Use script ``poly1.py`` to check how much time it takes to evaluate the next polynomial:
y = .25*x**3 + .75*x**2 - 1.5*x - 2
with x in the range [-1, 1], and with 10 millions points.
The expression below:
y = ((.25*x + .75)*x - 1.5)*x - 2
represents the same polynomial than the original one, but with some interesting side-effects in efficiency. Repeat the computation for numpy and numexpr and draw your own conclusions.
The C program ``poly.c`` does the same computation than above, but in pure C. Compile it like this:
gcc -O3 -o poly poly.c -lm
and execute it.
Be sure that you are on a multi-processor machine and repeat the last computation in poly1.py but increasing the number of threads one by one (change the number in the ``for nt in range(1):`` loop).
With the same multi-processor, recompile the above poly.c, but with OpenMP support:
gcc -O3 -o poly poly.c -lm -fopenmp # notice the new -fopenmp flag!
and execute it for several numbers of threads:
OMP_NUM_THREADS=desired_number_of_threads ./poly
Compare its performance with the parallel numexpr.

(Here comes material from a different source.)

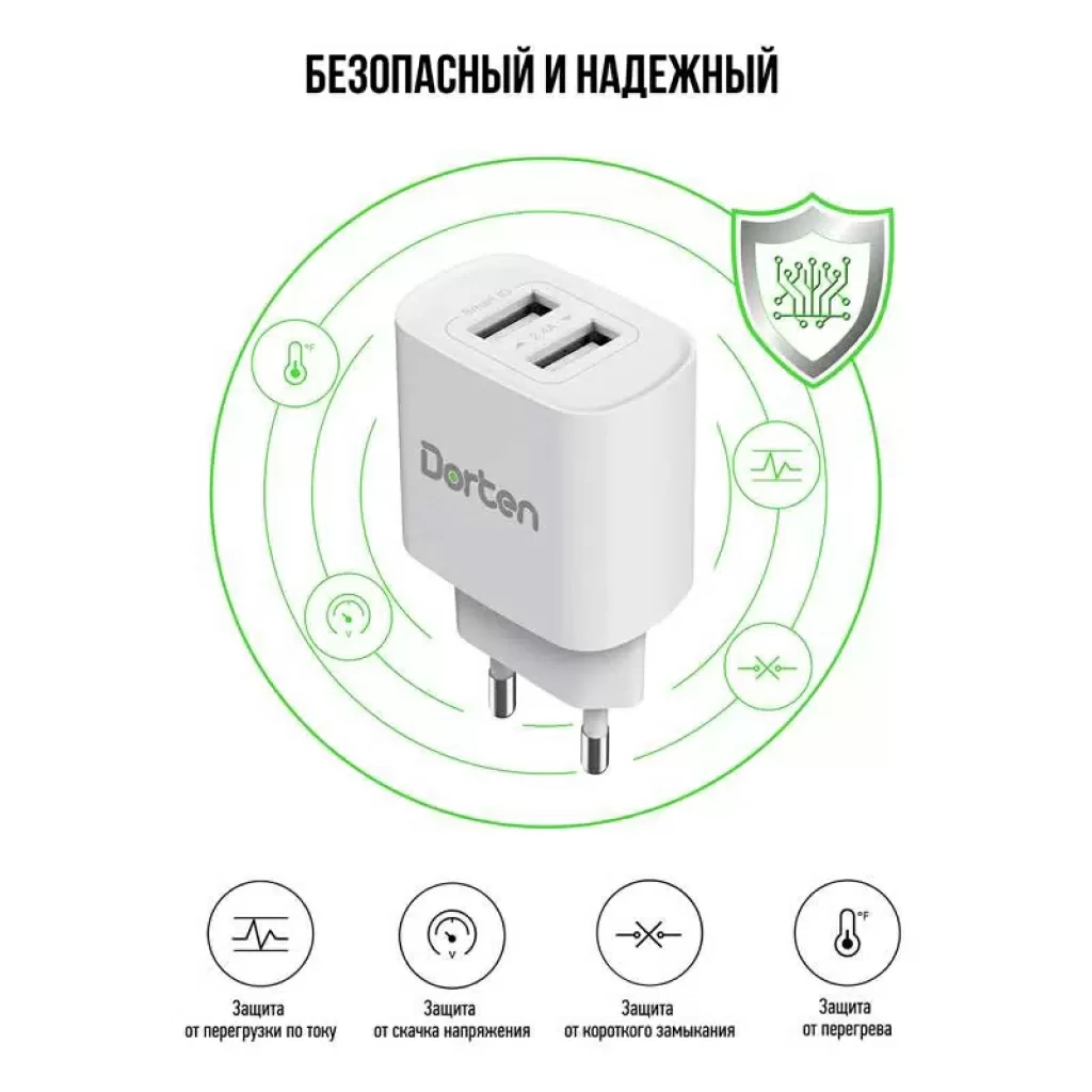 Сетевое зарядное устройство Dorten 2-Port USB Smart ID 12W Wall QC 2.4A, белый

With the previous examples, compute the expression:
y = x
That is, do a simple copy of the `x` vector. What's the performance that you are seeing? How does it evolve when using different threads?
Look into the sources of carray-eval.py and run it. For the first expression evaluation, i.e.:
((.25*x + .75)*x - 1.5)*x - 2
Repeat your reasoning with the second expression:
((.25*x + .75)*x - 1.5)*x - 2 < 0
Look into the sources of 'carray-ctable.py' script and run it.
Enter the ipython console and generate the big `t` ctable (just copy and paste the appropriate statements from the previous 'carray-ctable.py').
ca.set_nthreads(your_number_of_threads)